> [Exercise aim]: The expected answer is a verbatim transcription of the lines below, beginning with the first and ending with the line that holds "Collaboro con il", without pictures.

Input START

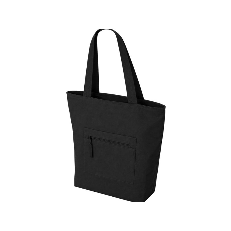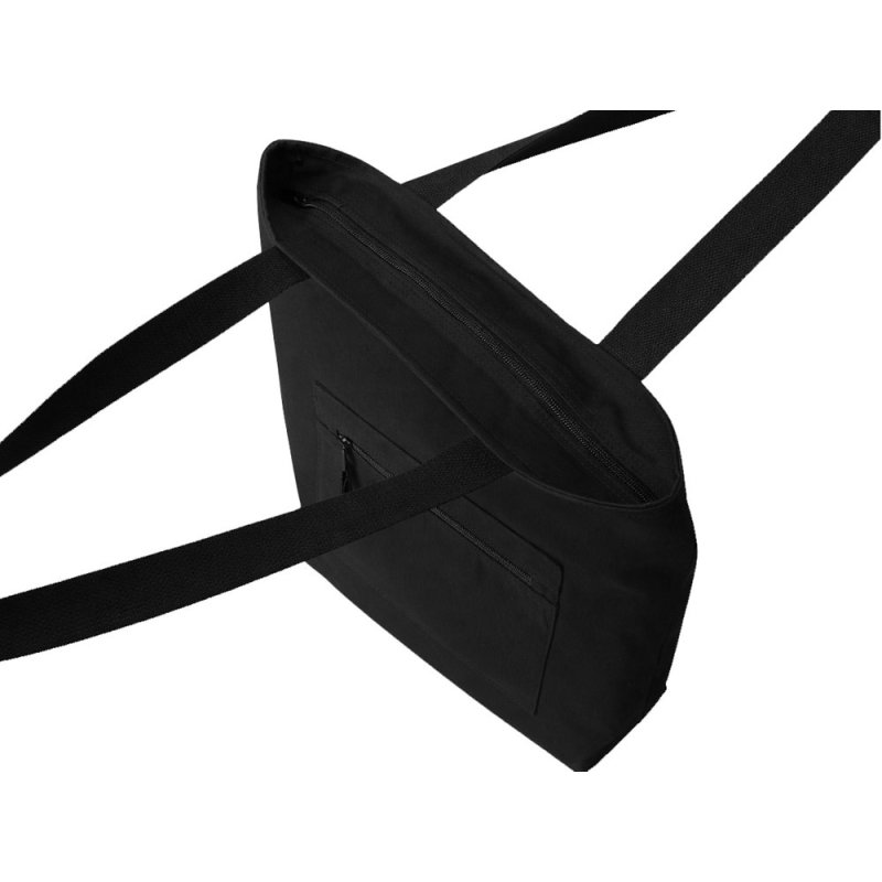 Преимущество этой сумки в наличии застежки молнии на основном отделении - ее содержимое остается закрытым. Донная складка увеличивает вместимость. Снаружи расположен карман на молнии. Парусиновые ручки в тон сумки.
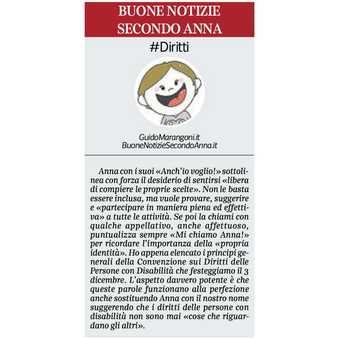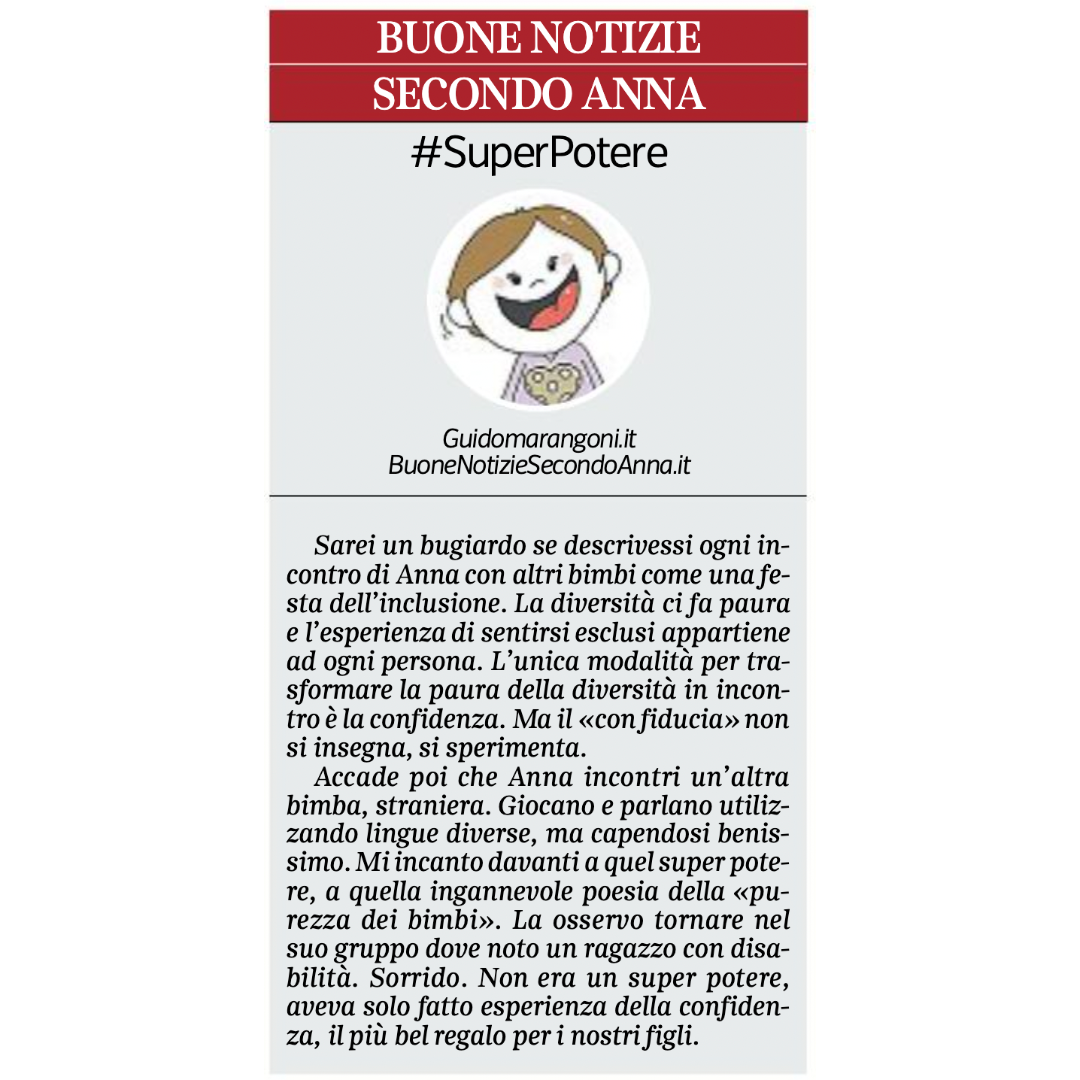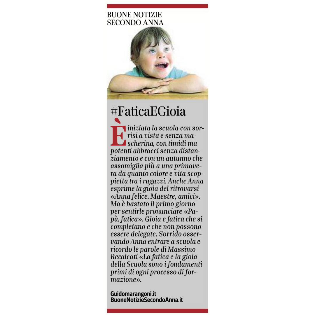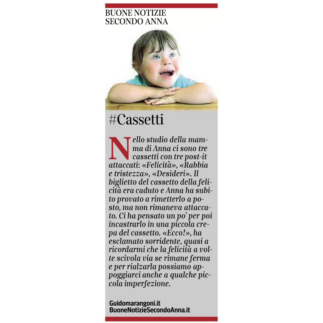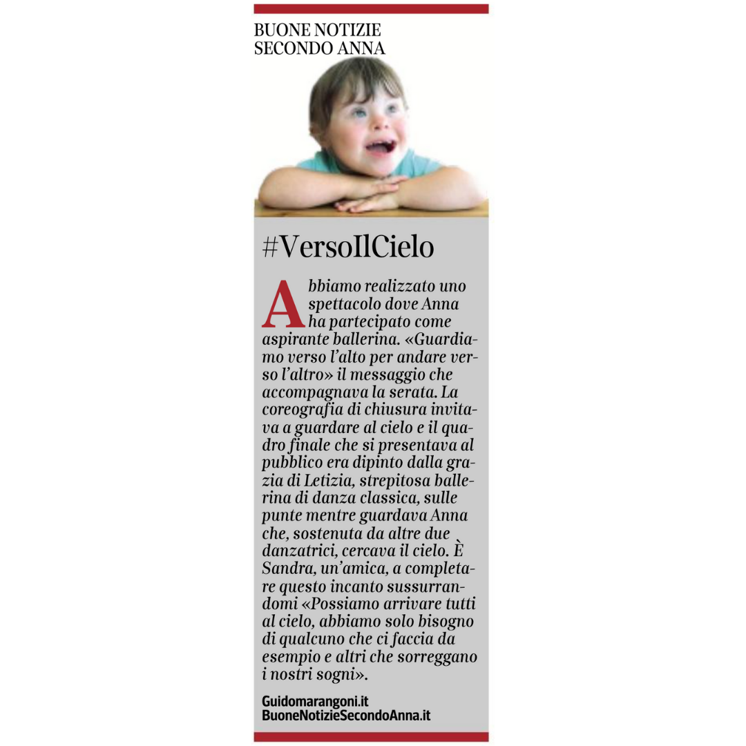 Collaboro con il Corriere della Sera, nell'inserto "Buone Notizie", con uno spazio settimanale dal titolo "Buone notizie secondo Anna".
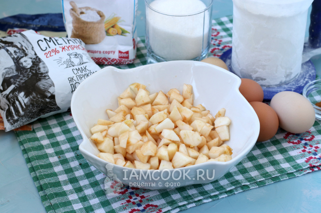 Для приготовления яблочной шарлотки со сметанным кремом подготовить из списка необходимые ингредиенты.
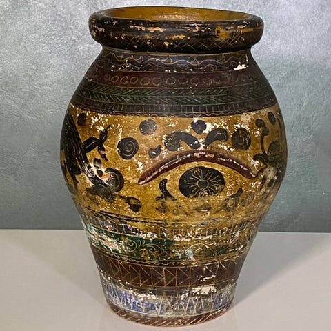 Motivet er i relief eller malet med en intens rød/orange farve på en fuldstændig forgyldt baggrund, der har en craquelé- eller sprækket finish. Forgyldningsteknikken og det klassiske motiv er typiske for italienske hellige kunst- eller samlerobjekter.
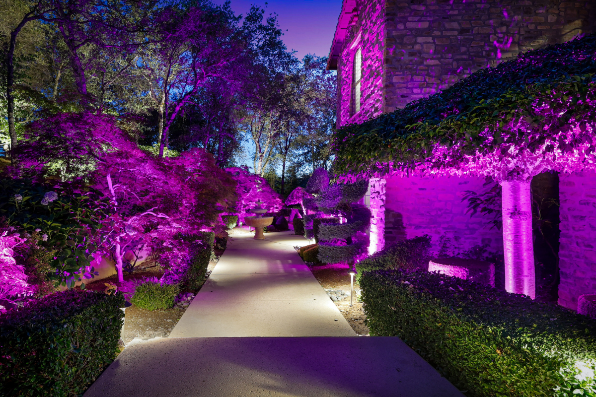 In total, there are 100+ fixtures in the front and back yards. The entire property is magical in the evening.
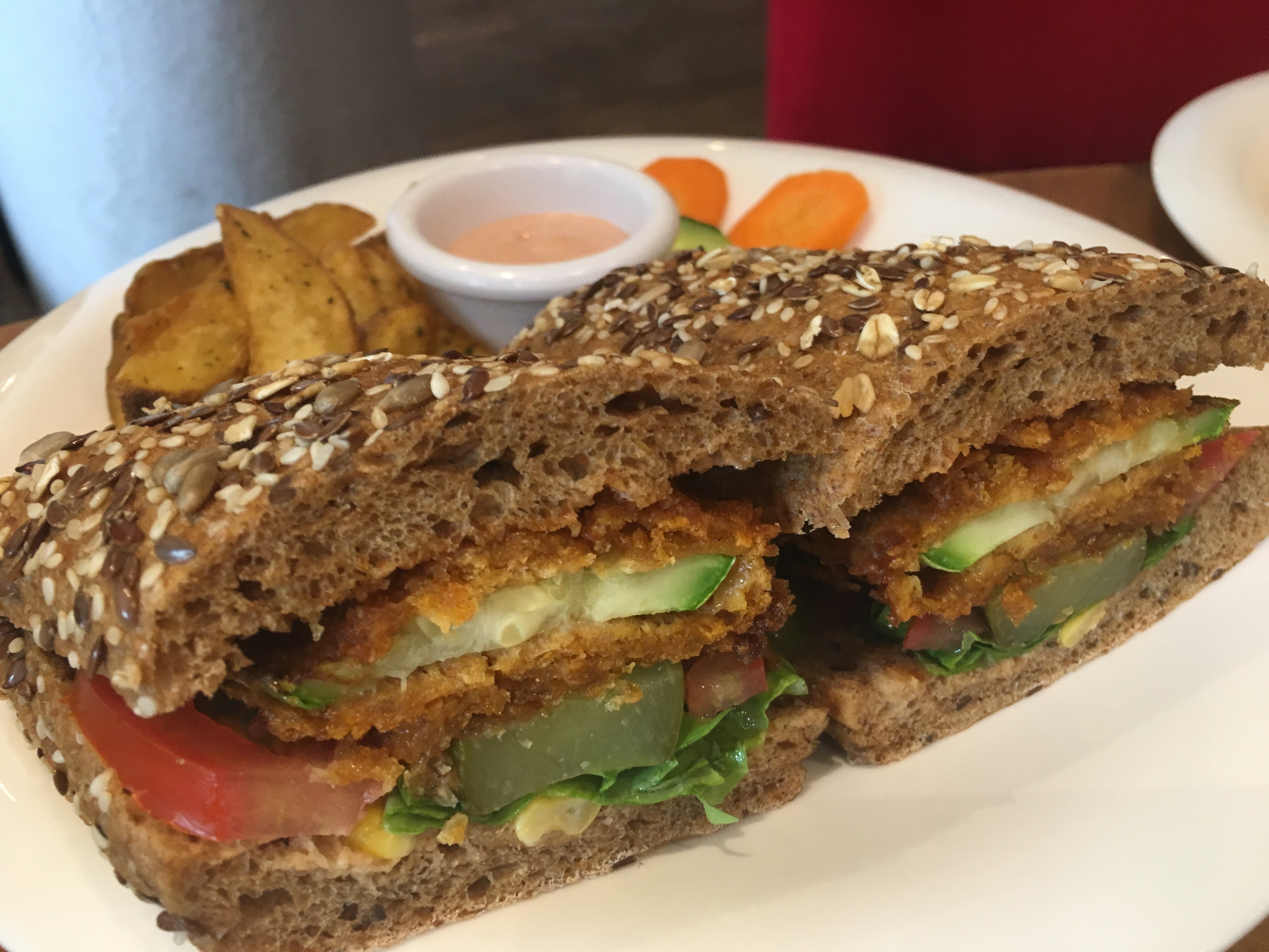 I had the crunchy zucchini and veggie sandwich. The zucchini was amazingly crunchy with a corn flake coating. Mmmm! The crunchy potato wedges served with out sandwiches were also really good!

Input END

> [Your solution]:
 Преимущество этой сумки в наличии застежки молнии на основном отделении - ее содержимое остается закрытым. Донная складка увеличивает вместимость. Снаружи расположен карман на молнии. Парусиновые ручки в тон сумки.
 Collaboro con il Corriere della Sera, nell'inserto "Buone Notizie", con uno spazio settimanale dal titolo "Buone notizie secondo Anna".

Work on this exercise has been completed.